Я умела относиться к обстоятельствам философски, но в собственном поведении и настроении я не разбиралась. Я не понимала сама себя. Когда взрослые спрашивали, что меня беспокоит, я просто пожимала плечами. Иногда меня не хватало даже на это. Я не могла выразить словами все, что чувствовала. Да я и не пыталась. Это продолжалось больше недели. Я почти ничего не ела. Позднее мама сказала мне, что я напоминала тогда ту девчонку, которая отказывалась принимать еду от нелюбимой няни, но для меня теперь все было не так. Я не управляла своими чувствами и вовсе не пыталась показывать характер. Я просто не хотела есть. Я не участвовала в ежевечерних беседах, и это тоже не было капризом: мне просто было нечего сказать.
Папа написал о моей депрессии, что в моих глазах и в моей душе погасла искорка жизни, что они с мамой думали, что потеряли меня. После долгой жизни в темноте, в постоянном страхе и неопределенности из меня и правда ушла жизнь. Я еще дышала, но не более того.
Иногда я прислушивалась к веселым крикам играющих на площади детей. Все мои мысли были там, наверху. Чаще всего эти звуки доносились до нас по воскресеньям, до и после службы в церкви. Сколько же было счастья и радости в этих голосах! Как же я хотела снова оказаться среди этих детей, играть с ними, смеяться с ними, петь песенки, дышать свежим воздухом, чувствовать запах цветов. На цветах я просто помешалась. Если мне удавалось выдавить из себя хоть пару слов, я говорила о цветах. Я хотела говорить только о цветах, я хотела говорить только о том, как мне хочется подержать в руках свежий букет.
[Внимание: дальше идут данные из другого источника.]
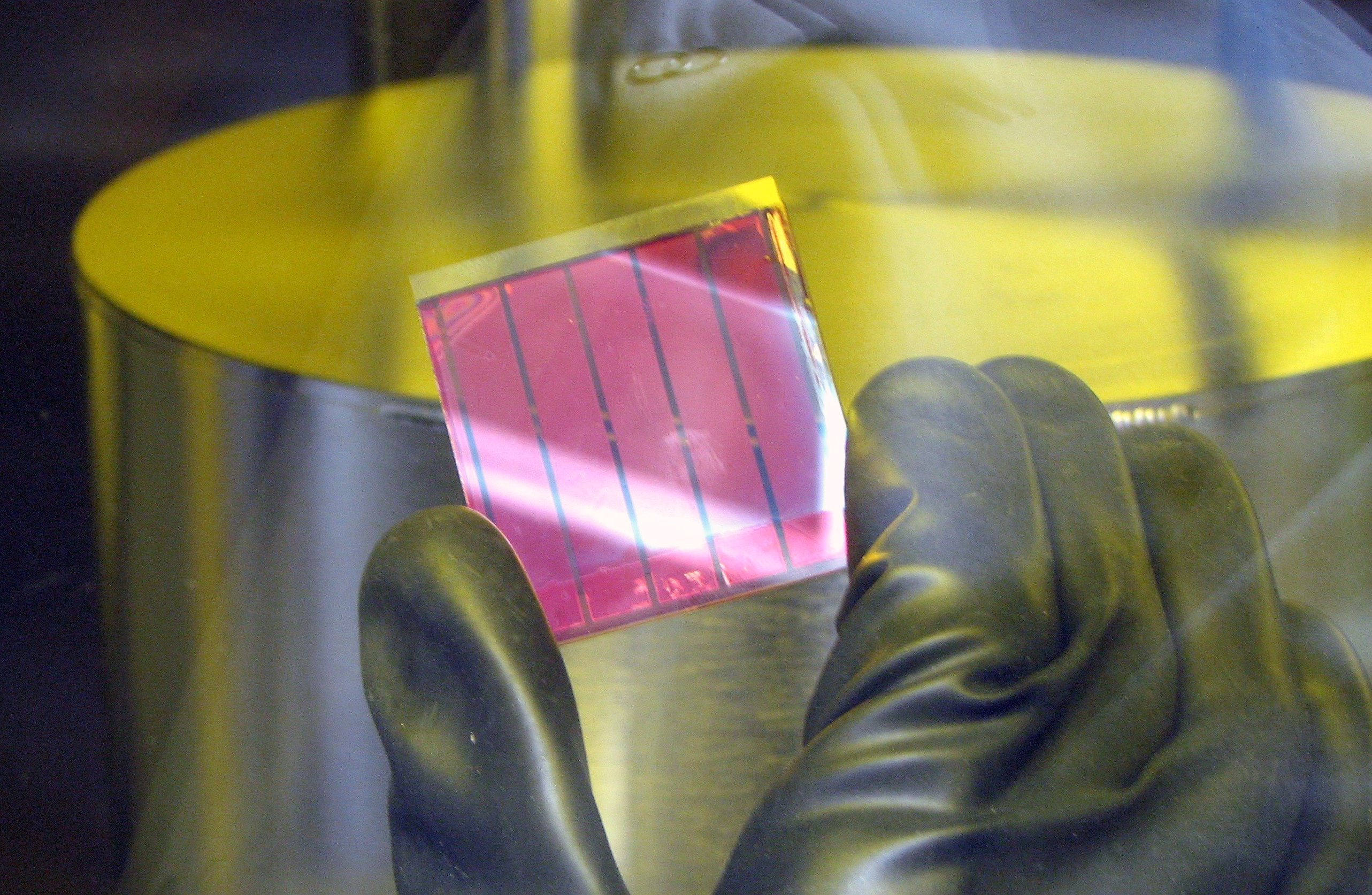 Solar cell

Вывести меня из этой меланхолии удалось Сохе. Я много дней не прикасалась к бутерброду, которым, как обычно, делился со мной Соха. Я перестала улыбаться, когда Соха с Вроблевским появлялись у нас. Я перестала читать Сохе и в промежутках между его визитами тоже не садилась за книги. Я не хотела ничего делать, а то, что приходилось, делала с большой неохотой. Тем не менее, несмотря на эти очевидные изменения в моем поведении, Соха не предпринимал попыток повлиять на меня. Вероятно, он считал себя не в праве вмешиваться. Да, после всего, что он для нас сделал, он стал мне практически вторым отцом, но все-таки я была дочерью другого человека.
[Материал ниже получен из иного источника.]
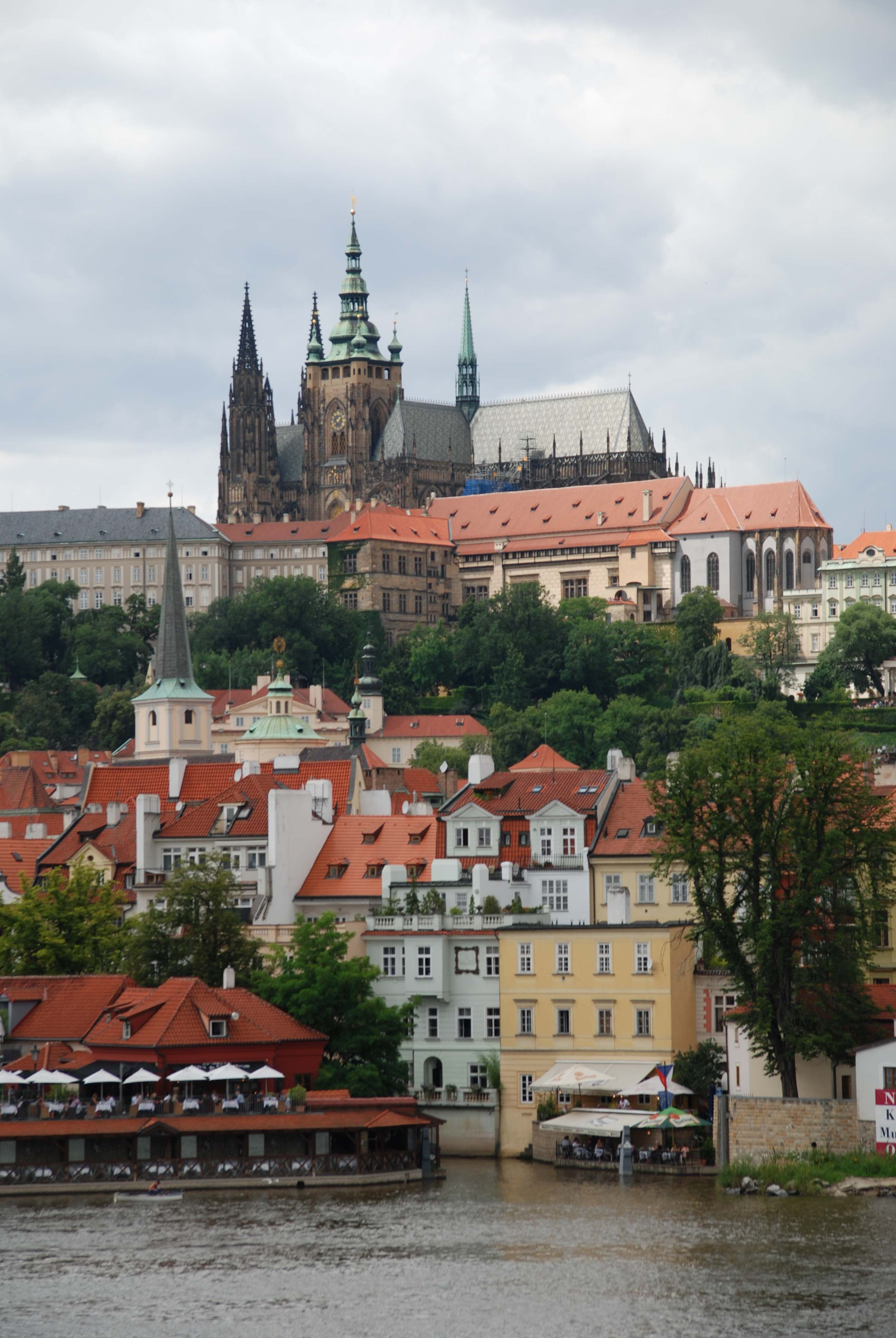 Prague Castle and the Malá Strana - district of Prague, Czech Republic; view from the Charles Bridge

Мама впала в отчаянье. Она боялась, что ее любимая Крыся к ней больше не вернется, и поэтому в какой-то момент решила поделиться своими опасениями с Сохой. И тогда Соха сделал удивительную вещь. Он отвел меня в уголок нашего бункера, взял за руку и сказал:
– Крыся, тебе надо кушать.
– Мне не хочется, – ответила я.
– А еще тебе нужно разговаривать, – сказал он. – Родители за тебя беспокоятся. Вся твоя большая подземная семья за тебя переживает.
– Но мне им нечего сказать.
– А вот мы и посмотрим.
Соха отвел меня за руку к узкой трубе, служившей выходом из бункера, и жестом приказал забраться в нее. Мы прожили во Дворце уже почти год, и я еще ни разу из него не выходила. Мужчины каждый день покидали наше убежище и возвращались в него, словно ходили на работу. Иногда выходила Клара. Несколько раз уходила мама. Но я до сих пор ни разу не выбиралась отсюда, и вот Соха предлагал мне забраться в трубу и отправиться куда-то… Мои родители молчали.
– Давай-ка я тебе кое-что покажу, – сказал Соха.
И я пошла с ним. Мы проползли несколько километров и наконец оказались у люка, который привел нас к лесенке. Мы поднялись по ней до решетки канализационного стока, через которую в подземелье просачивался солнечный свет. Впервые за год я увидела солнце. Я подняла голову и подставила лицо под его лучи. Я не могла поверить, что чувствую солнечное тепло, ведь где-то в глубине души я была уверена, что солнце давным-давно закатилось – навсегда!..
Там, наверху, прямо за этой решеткой, играли дети. Их голоса звучали совсем близко, и мне казалось, что я бегаю, играю и смеюсь вместе с ними. На какое-то мгновение мне почудилось, что я могу дотянуться до них рукой. И это было счастье…
– Тебе надо быть сильной, маленькая моя, – сказал Соха. – Пройдет всего несколько дней, и ты окажешься наверху, будешь играть с другими детьми, чувствовать тот же запах цветов, что сейчас чувствуют они.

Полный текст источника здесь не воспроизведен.